I had only once visited the house where Annamari and Kimmo lived, and then only downstairs in the sauna facilities. The location where the house stood was beautiful, opposite the water with a wide street separating it from the seashore. If this family had nothing else, they had plenty of money. I had always
appreciated how unspoiled and down-to-earth Antti was, and now I realized I could probably say the same for Kimmo. Neither of them had that self-assuredness that often accompanies growing up with lots of money, and in fact, just a pinch more of that might actually have done them both good. Insecurity and whining seem particularly unattractive in men, and this case I was working on seemed to have an overabundance of that type, especially if I counted Makke’s constant self-pity.

Coming to answer the door, which was arched by climbing roses, Annamari didn’t seem particularly self-confident either. Her usually perfect makeup now ran in smeared little streams into the wrinkles around her eyes. Her hands were in constant motion, flitting up to her hair, touching her shoulders and forearms, and then moving back to her hair as the tone of her voice oscillated almost as erratically.

“So lovely you could come! Tell me everything about Kimmo! Are they treating him properly? Why do they insist on keeping him in jail? My little Kimmo is no murderer.”

“Didn’t Eki Henttonen call you?”

“Yes, he did, but he wouldn’t really tell me anything. Men are like that. They don’t understand a mother’s feelings. Would you like a little cognac? I know I need some at least.”

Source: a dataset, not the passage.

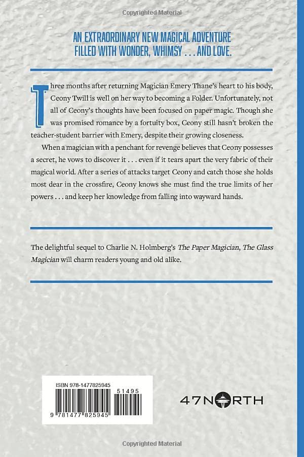 Three months after returning Magician Emery Thanes heart to his body, Ceony Twill is well on her way to becoming a Folder. Unfortunately, not all of Ceonys thoughts have been focused on paper magic. Though she was promised romance by a fortuity box, Ceony still hasnt broken the teacherstudent barrier with Emery, despite their growing closeness.When a magician with a penchant for revenge believes that Ceony possesses a secret, he vows to discover iteven if it tears apart the very fabric of their magical world. After a series of attacks target Ceony and catch those she holds most dear in the crossfire, Ceony knows she must find the true limits of her powersand keep her knowledge from falling into wayward hands.The delightful sequel to Charlie N. Holmbergs The Paper Magician, The Glass Magician will charm readers young and old alike.

Based on her breath, I could tell she had a good head start on me. No wonder. I hoped it would make her feel better.

“He was talking as if Kimmo is guilty,” Annamari said as she handed me a snifter nearly filled to the brim with cognac. At first, the contents burned the roof of my mouth and throat, but then they moved pleasantly down to my stomach in a warm stream. The finish was heavenly—I guess there really were differences in cognacs. Up to this point, I had never had the wherewithal to sample anything much above cheap one-star cut brandy.

“The police have found a lot of evidence against Kimmo. None of it will necessarily hold up in court though.”

“The police came today and rummaged through Kimmo’s things. They took a lot with them when they left.”

“What did the officers look like? Did they have a search warrant?” Apparently, Ström had beat me here. Irritating.

“One was big and rude, and the other one was smaller with red hair. They waved some piece of paper at me, and asked me all sorts of questions about Kimmo. Had I noticed anything out of the ordinary in his personality? Was he violent as a child? Did he have many girlfriends? Did I beat him?” Annamari shook her head, with good reason. That kind of questioning sounded just about right for Ström’s primitive grasp of psychology. Ström had decided that Kimmo was a deviant sex murderer, and now he was grasping for ways to support that hypothesis wherever he could.

“They also wanted to know where I was on Saturday. Was I able to prove when Kimmo came home? But I left for Stockmann in Tapiola at eleven and then went for my massage. I went to get the twins after their lunch so we could go into the city. I wasn’t home at all. If only I had known.”

“Exactly what time did you go to Risto and Marita’s house to get the boys?” I asked.